DecisionTreeClassifier dc = new DecisionTreeClassifier();
dc.setImpurity("gini");
Pipeline pipeline = new Pipeline().setStages(new PipelineStage[] {dc});
PipelineModel model = pipeline.fit(training);
/* prediction step */
...obtain the JavaRDD<LabeledPoints> in the same manner as LR...
Dataset<Row> predictions = model.transform(test);
//select relevant informations
Dataset<Row> predictionsDF = predictions.select("features", "prediction");
...
Frequently the class label is a categorical value, so a String.
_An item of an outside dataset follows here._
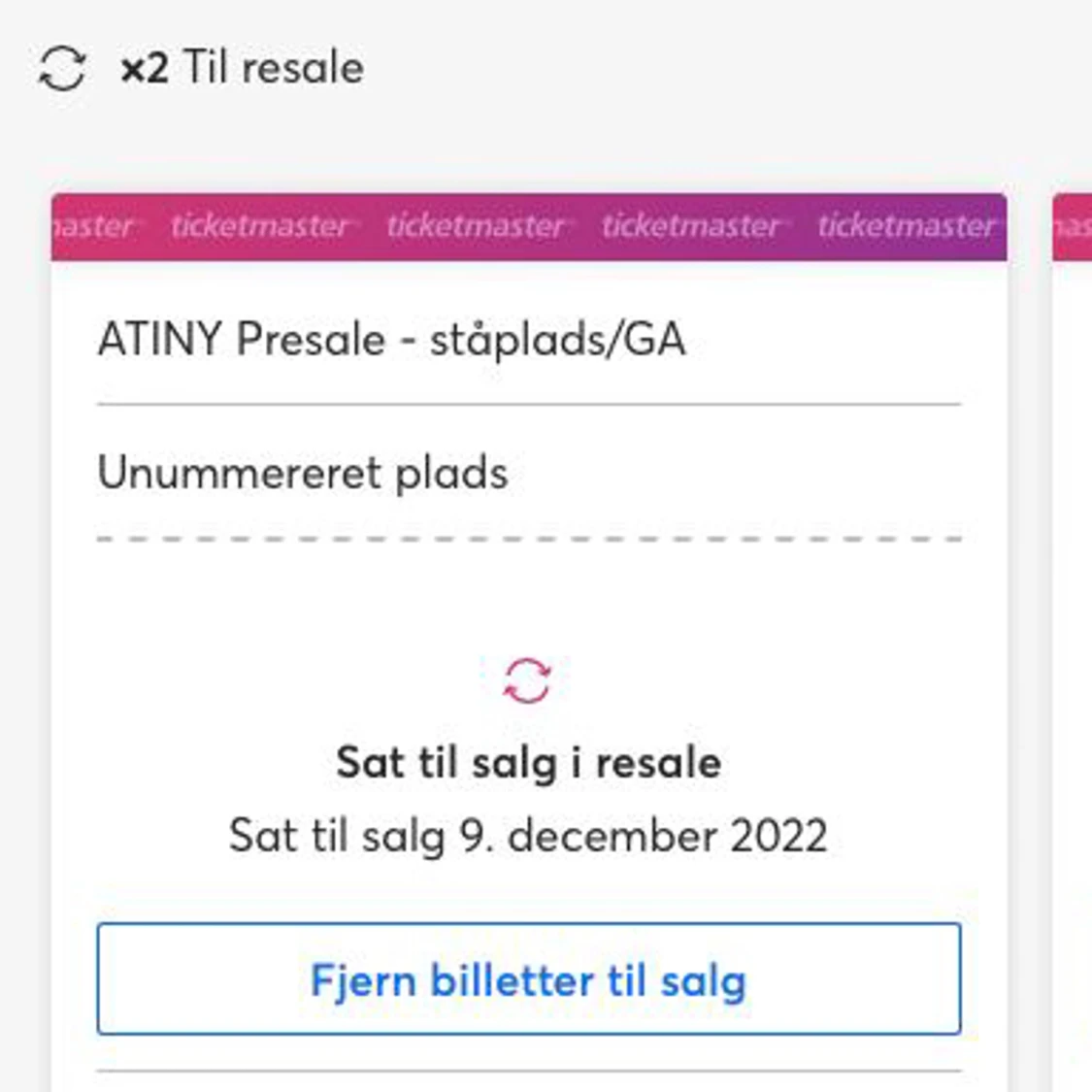 2 ATINY-presale ståplatser. Säljes pga köpte andra biljetter. Båda Köptes för 2 580,70 SEK. Säljes för samma pris, men kan diskuteras. Säljes även på Ticketmaster re-sale (men dyrare där pga ticketmasters service avgift). PM för mer information.

But Spark MLlib works only with numerical values, so the categorical values must be mapped to integer (and then double) values.
Two Estimators are available to peform this transformations: StringIndexer and IndexToString.
NOTE: If the class labels are not available for the input dataset, just set the categoricalLabel attribute to one of the possible values.
Code sample:
//implement a custom class for the LabeledPoint
public class MyLabeledPoint implements Serializable {
private String categoricalLabel;
private Vector features;
public MyLabeledPoint(String categoricalLabel, Vector features) {
this.categoricalLabel = categoricalLabel;
this.features = features;
}
public String getCategoricalLabel() {return categoricalLabel;}
public Vector getFeatures() {return features;}
public void setFeatures(Vector features) {this.features = features;}
}
...
JavaRDD<String> trainingData = sc.textFile(inputFileTraining); //read the training file
//convert the input RDD to an RDD of MyLabeledPoints
JavaRDD<MyLabeledPoint> trainingRDD = trainingData.map(record -> {
String[] fields = record.split(",");
// Fields of 0 contains the id of the class
String classLabel = fields[0];
// The other three cells of fields contain the values of the three predictive attributes
double[] attributesValues = new double[3];
attributesValues[0] = Double.parseDouble(fields[1]);
attributesValues[1] = Double.parseDouble(fields[2]);
attributesValues[2] = Double.parseDouble(fields[3]);
Vector attrValues = Vectors.dense(attributesValues);
return new MyLabeledPoint(classLabel, attrValues);
});
//convert to DataFrame
Dataset<Row> training = ss.createDataFrame(trainingRDD, MyLabeledPoint.class).cache();
//prepare the StringIndexer, map values of "categoricalLabel" to integers stored in new column "label"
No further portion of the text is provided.